Robin Zebrowski
Must Read in Your Field
Gödel, Escher, Bach: An Eternal Golden Braid
By Douglas R. Hofstadter
This is probably still the classic cognitive science book. It’s fairly old for a disciplinary book, and there have been about a million other valuable books written since 1979, but it’s the book that I read in college and it ignited my interest in the mysteries of cognition. Reading it gives one that flash of excitement and spark of insight that all great (and greatly written) books offer.
Favorite Book to Teach
Natural-Born Cyborgs: Minds, Technologies, and the Future of Human Intelligence
By Andy Clark
For the past 10 years, I’ve been teaching Andy Clark’s Natural Born Cyborgs: Minds, Technologies, and the Future of Human Intelligence to one of my classes, and it’s definitely a contender for favorite. The technologies discussed are getting a bit dated, but Clark paints a picture of human beings as always entwined with our technologies. It is human nature to be altered, body and mind, by the tools we encounter (including written language). Students don’t always agree with the claims, but they’re always moved by the implications, and they love to learn about the state of emerging technologies and how they’ll impact their lives in the coming decades.
For Pure Enjoyment
The Stone Sky
By N.K. Jemisin
I just finished The Stone Sky, the third book in N.K. Jemison’s Broken Earth series. I think every book in the series has won the Hugo or the Nebula (or both). The three-book series plays with time and narration in clever ways. It’s about a world where there are planet-wide geological events that happen every so often and usually result in enormous widespread destruction of life. There is a special breed of people who are able to manipulate the rocks (to prevent, or sometimes cause, such cataclysms).

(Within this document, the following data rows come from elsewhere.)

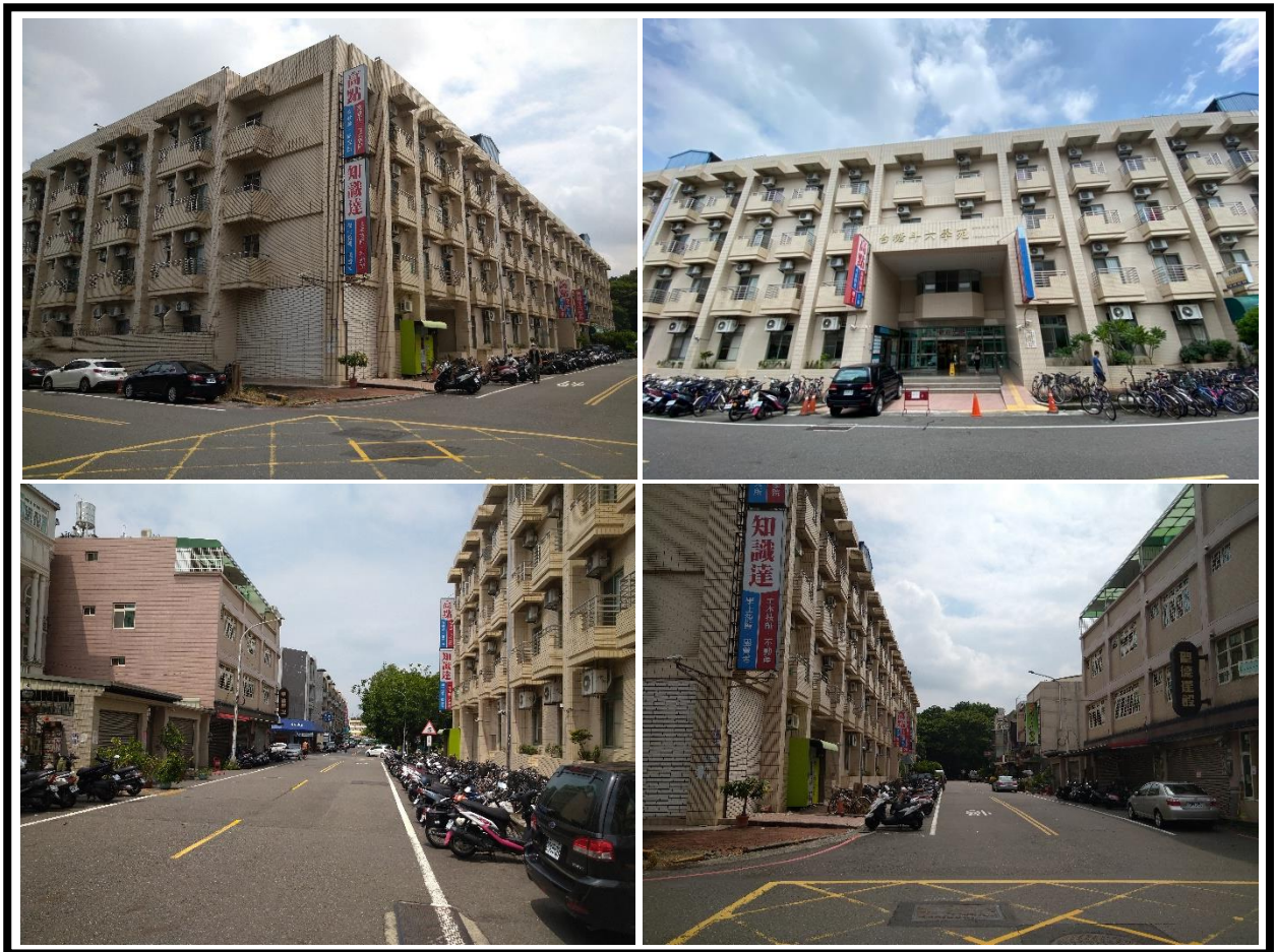
圖 1 台糖斗六學苑社宅外觀及臨路現況

整體基地面積為 4,550.80 平方公尺(1,376.62 坪)，建物型態為鋼筋混凝土造地上四層及地下一層之電梯建物，樓地板面積為 12,369.12 平方公尺(3,741.66 坪)；加入社宅部分內部格局單純，主要區分為單人、雙人(大、小)、四人套房等四種房型，室內面積約 4.22~8.97 坪，共計提供 200 戶供作社會住宅使用。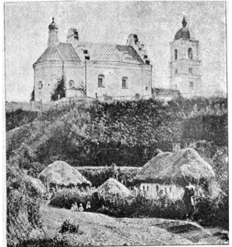
Іллінська церква в Суботові. Світлина кінця 90-х рр. XIX ст.

А коло батькової могили стояв кволий, безталанний Юрась, що потім бив гарматами з Чигиринської гори на батькову оселю. Бачили в собі ці мури й Івана Виговського,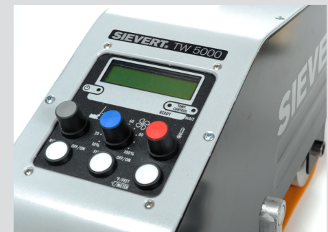
Ecran numérique de commande facile à manipuler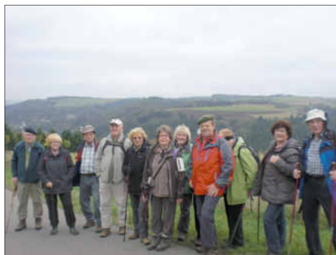
Blick in die Eifel, toll!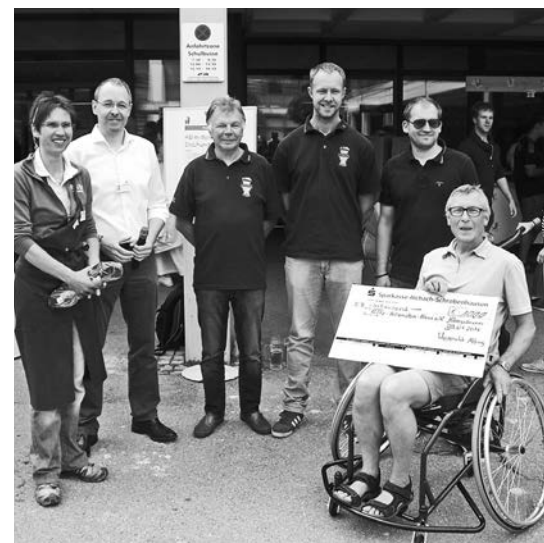
Sportrolli für begeisterte Basketballer mitfinanziert vom Weizenclub Affing

Zahlreiche Harley-Freunde des Around the World Chapter e.V. nutzten unser jährliches Sommerfest für einen beeindruckenden Auftritt und übergaben uns eine Spende in Höhe von 3.333,- €. Das Geld stammt aus einer Charity-Aktion des Vereins: Für jeden gefahrenen Kilometer spenden die Mitglieder einen Cent. Auch der Weizenclub Affing zeigte seine Verbundenheit mit unserem Haus und steuerte 1000,- € bei.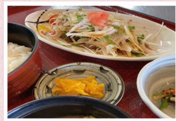
春夏の定番メニュー! かつおのたたき定食 1,380円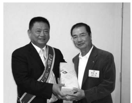
沼南RC高本会長・野田会員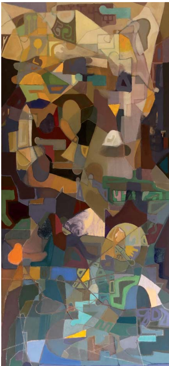
100 x 46 cm. Arrautza tenpera / temple huevo s/AF. 2022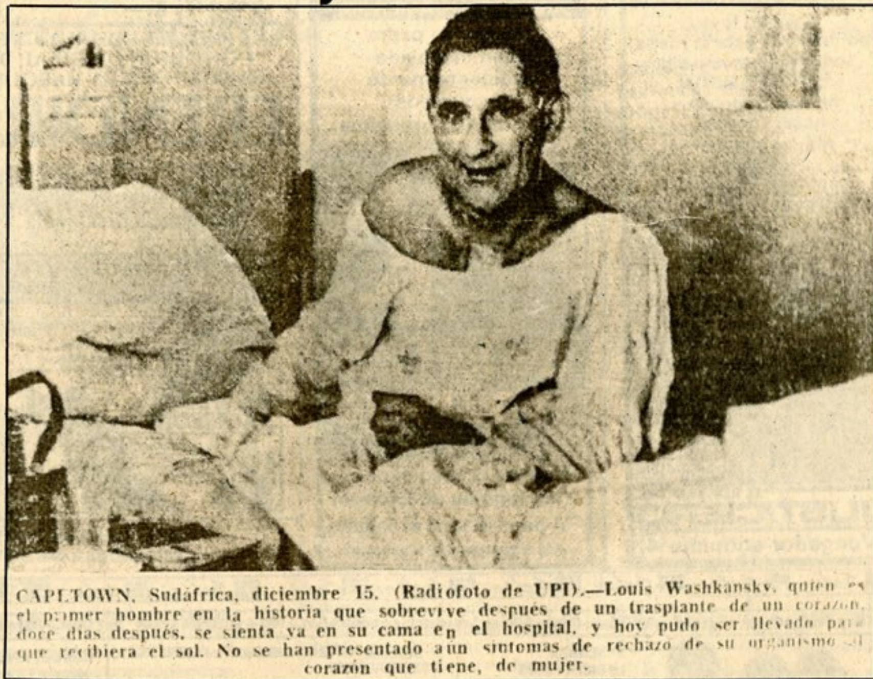
CAPTOWN, Sudafrica, diciembre 15. (Radiofoto de UPD).—Louis Washkansky, quien es el primer hombre en la historia que sobrevive despues de un trasplante de un corazón, doce días despues, se sienta ya en su cama en el hospital, y hoy pudo ser llevado para que recibiera el sol. No se han presentado aun sintomas de rechazo de su organismo al corazón que tiene, de mujer.

The book reaches across deep time to chronicle (and challenge) the history of both the people and the planet. There are deep allegories for racism throughout, which is one of the ways the book does so much work. On the surface, it’s a book about growing up, parenthood, oppression, and magic. And more.

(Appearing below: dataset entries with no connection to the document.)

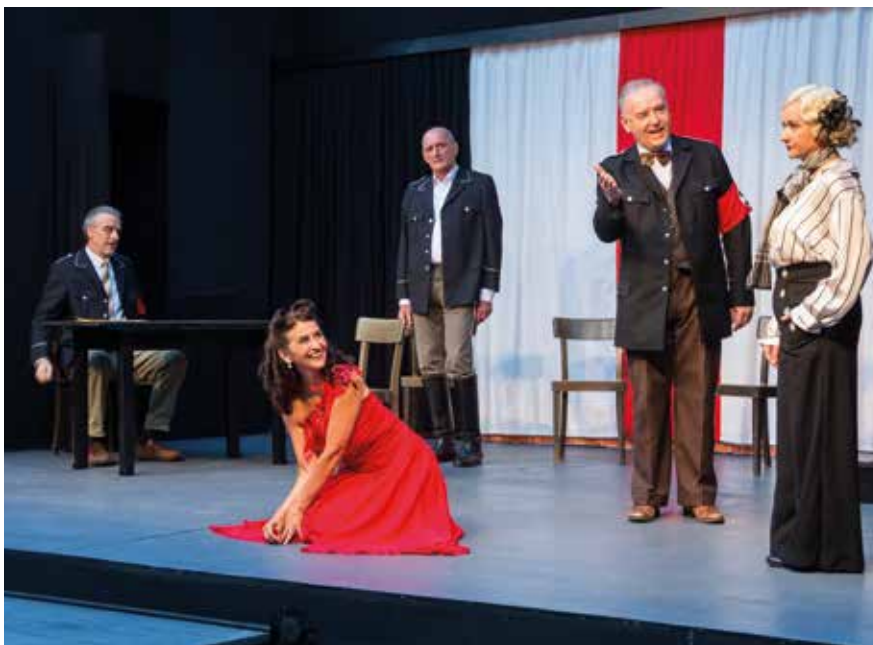
Theater Frohnleiten hat das Warschauer Ensemble des Polski-Theaters in die Gegenwart geholt und seine Gäste bei den Aufführungen köstlich unterhalten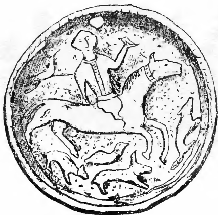
Рис. 6. Бляха с изображением мужчины-всадника

Таким образом, мы видим, что к сассанидской эпохе на верхней Каме уже сложилось представление о верховном божестве как о мужчине-охотнике, который чаще всего изображался в виде всадника, окруженного зверями. Процесс смены женского верховного божества мужским и зверя, на котором стояла богиня, конем к этому времени уже завершился.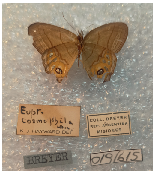
Figura 14- Argentaria pagyris . Misiones (MLP).

En la colección Breyer del MLP hay al menos un ejemplar de Misiones (determinado y rotulado por K. J. Hayward como " Euptychia cosmophila " (Hübner, 1823) (Fig. 14), lo que explica porque aparece también con ese nombre en Hayward (1958, 1967, 1973). Parece en esos años el taxón pagyris estaba sinonimizado con cosmophila (la cual no existe en Argentina), de allí la cita de ésta última en dichos trabajos. Actualmente cosmophila y pagyris son consideradas distintas especies y ambas son muy semejantes a Argentaria hygina (A. Butler, 1877), la cual es más común en Misiones y también existe en Paraguay y sur de Brasil (Klimaitis et al. , 2018). Todas ellas fueron transferidas recientemente al género Argentaria desde Splendeuptychia (Espeland et al. , 2023). En el pasado hubo confusiones entre especies de este género, como en el caso de Canals (2003, pág. 380), quien cita a cosmophila , pero en realidad la imagen se trata de hygina . Lo más probable es que ese autor confiara en el rótulo del ejemplar que decía " cosmophila ", como el ejemplar del MLP arriba aludido. Las diferencias entre ambas especies son sutiles pero en pagyris la mancha naranja en faz ventral de alas posteriores llega en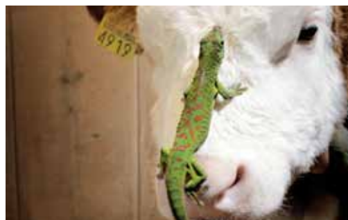
Seit 2009 dramatisierte die Zürcher Agentur Leo Burnett für Emmentaler Switzerland, unter anderem mit gezielt eingesetztem Humor wie bei den Fliegen fressenden Geckos.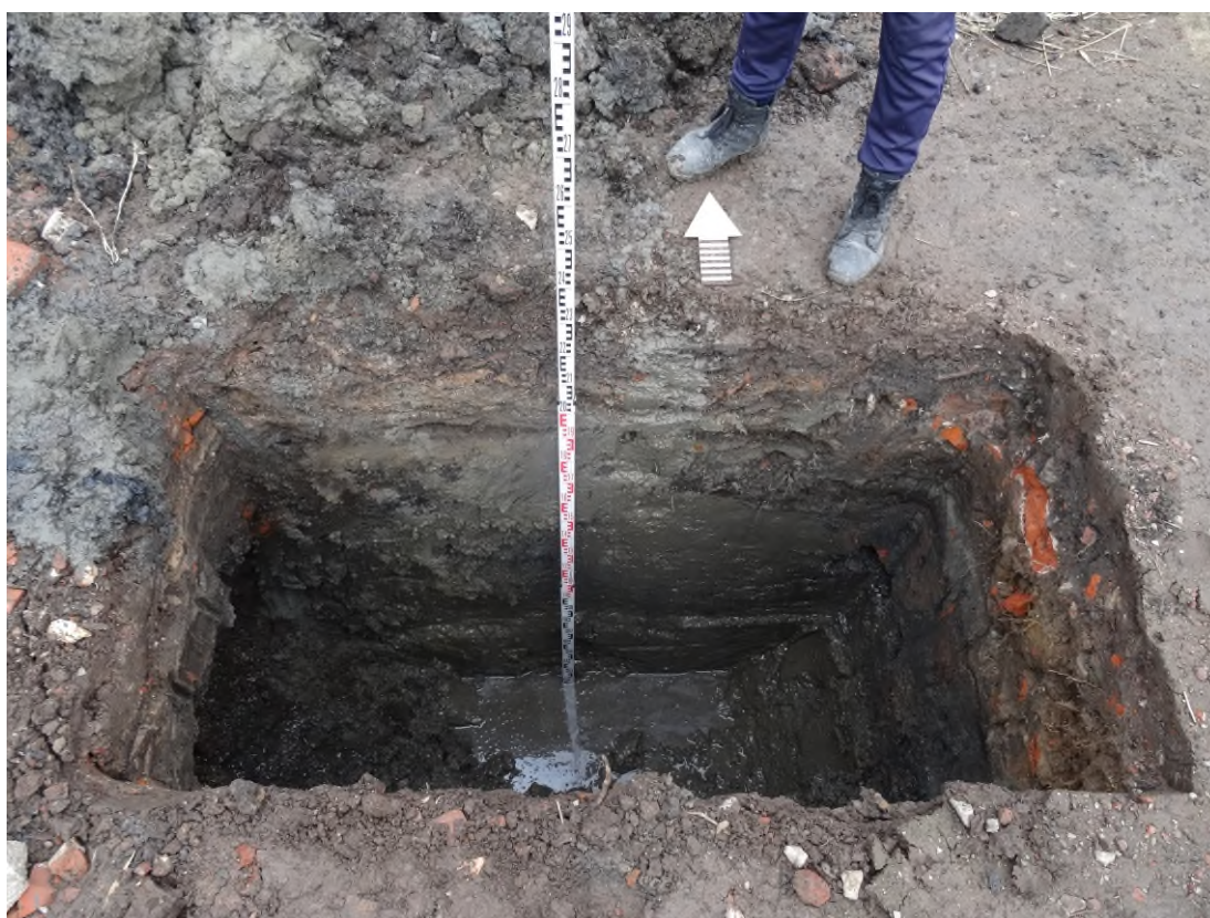
Рис. 13. Контрольный прокоп у северного борта шурфа 1. Вид с юга.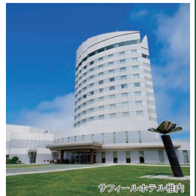
サフィールホテル稚内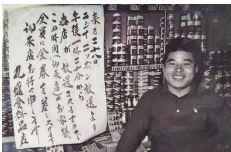
昭和43年 北野マーケット 丸盛食料品店の貼り紙が時代を物語る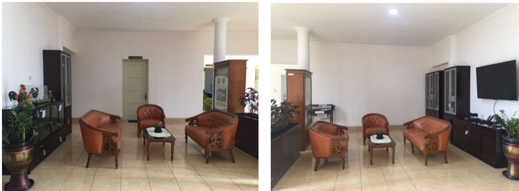
Gambar 10. Ruang Tunggu Publik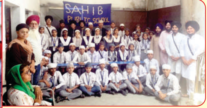
ਕੇਂਦਰ ਲੁਧਿਆਣਾ ਦੇ ਸਾਹਿਬ ਪਬਲਿਕ ਸਕੂਲ ਵਿਖੇ ਗੁਰਮਤਿ ਕੈਂਪ ਲਗਾਇਆ ਗਿਆ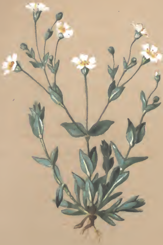
Silene rupestris L.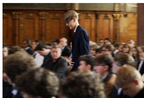
Finał 50. Olimpiady Historycznej – Gdańsk, 14 kwietnia 2024.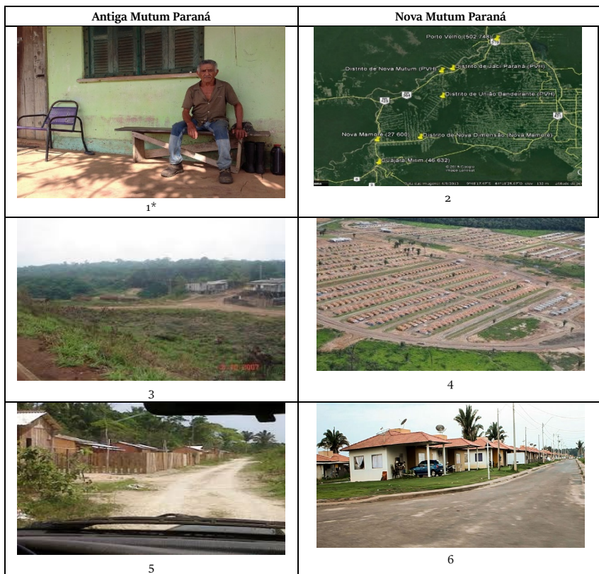
FIGURA 1: Imagens comparativas entre a Velha e a Nova Mutum Paraná.

O mosaico de fotos que formam a Figura 1, a seguir, confronta as diferenças entre a Velha e a Nova Mutum; por outro lado, prova, também, que o fator material não prevalece sobre o fator humano, e, por isso, as pessoas, seus saberes e experiências têm que ser levadas em conta em quaisquer projetos que as atinjam.

Book That Changed the Way You Think
Metaphors We Live By
By George Lakoff and Mark Johnson
Literally every book I’ve ever read changed the way I think at least somewhat, because that’s what books do! But I’ll offer one fiction and one non-fiction here. First, the non-fiction: Metaphors We Live By examines how our bodies play a constituting role in how we think, and about how language reveals deep truths about the structure of the mind. I had been studying cognitive science for about six years when I read it, and it completely upended everything I thought I knew about the mind. I went on to study with Mark Johnson because it was such a meaningful shift in my thinking.
[Fiction] Solaris
By Stanislaw Lem
Solaris had an early impact on me during a formative time. The premise involves an alien planet with an intelligent ocean. It was genuinely the first fiction I read that really challenged what I thought were necessary and sufficient conditions for being an intelligent creature. As someone who studies artificial intelligence, this is exactly the kind of challenge that excites me. I genuinely believe this story made me a stronger AI researcher.